Ukraine first reported Tuesday's cyberattacks, saying they targeted government ministries, banks, utilities and other important infrastructure and companies nationwide, airport departure tables and demanding ransoms from government employees in the cryptocurrency bitcoin.

By midafternoon, breaches had been reported at computers governing the municipal energy company and airport in Ukraine's capital, Kiev, the state telecommunications company Ukrtelecom, the Ukrainian postal service and the State Savings Bank of Ukraine.

Ukrainian Deputy Prime Minister Pavlo Rozenko on Tuesday tweeted a picture of a computer screen warning in English that "one of your disks contains errors," then adding in all capital letters: "DO NOT TURN OFF YOUR PC! IF YOU ABORT THIS PROCESS, YOU COULD DESTROY ALL YOUR DATA!"

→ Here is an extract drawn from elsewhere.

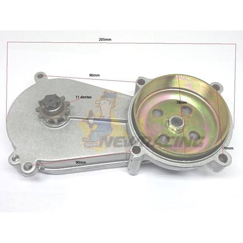 Caixa de transmissão para motores 49 cc 2 tempos. Pode ser usado para quadriciclos, mini motos e motores 2 tempos em geral. Produto de ótima qualidade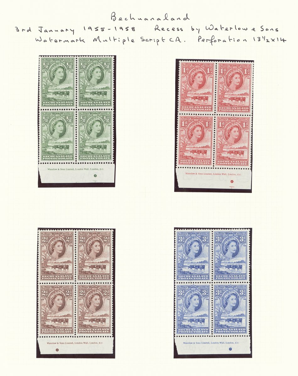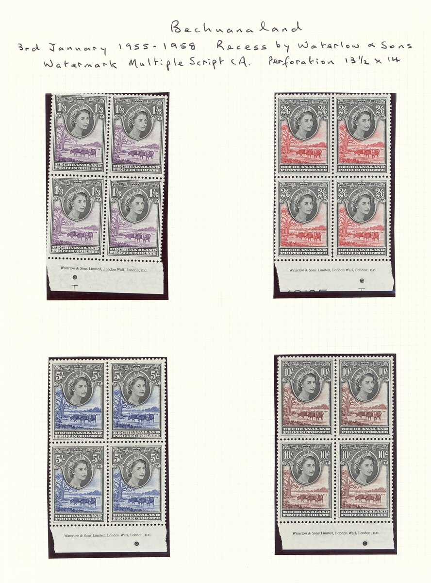 1955-58 Script ½d. to 10/- set of twelve and the same in imprint blocks of four except 4d., unmounted mint; fine. S.G. 143-153, £500+

"Ta-Dam!" he wrote. "It seems the computers at the Cabinet of Ministers of Ukraine have been 'knocked out.' The network is down." Other shots of computer screens attributed to government officials showed demands for a "ransom" of $300 in bitcoins to release data encrypted by the virus.

Ukraine's National Bank said in a statement that an "unknown virus" has caused banks "difficulties in serving clients and carrying out banking operations."

Some radiation checks at the Chernobyl nuclear disaster site in Ukraine were being carried out manually on Tuesday after the attacks affected operations, a state agency said.

"Due to the temporary disconnection of Windows systems, radiation monitoring of the industrial site is being carried out manually," the state agency that oversees the Chernobyl exclusion zone said in a statement.

A representative of the agency told Reuters only the radiation checks on personnel entering and leaving the zone were being done manually, while all other radiation monitoring was being carried out as normal.

"All technology systems of the station are working as normal," the agency said.

The hack's scale and the use of ransomware quickly recalled the massive May cyberattack in which hackers likely linked to North Korea disabled computers in dozens of nations, including Ukraine, using a flaw that was once incorporated by the National Security Agency's surveillance tool kit.

Whatever its source, the virus appeared to be spreading on Tuesday. Maersk, a Danish transport and energy conglomerate, announced that "Maersk IT systems are down across multiple sites and business units due to a cyber attack."

Separately, the Russian oil giant Rosneft announced that its servers has been hit by a "powerful hacking attack," which knocked the company's website offline on Tuesday afternoon.

Apparently referring to a conflict over a regional oil producer with the Russian conglomerate Sistema, owned by oligarch Yevgeny Yevtushenkov, Rosneft's statement added: "We hope that this has nothing to do with the current court proceedings." There was no information immediately available tying the alleged attack to the Ukrainian hack.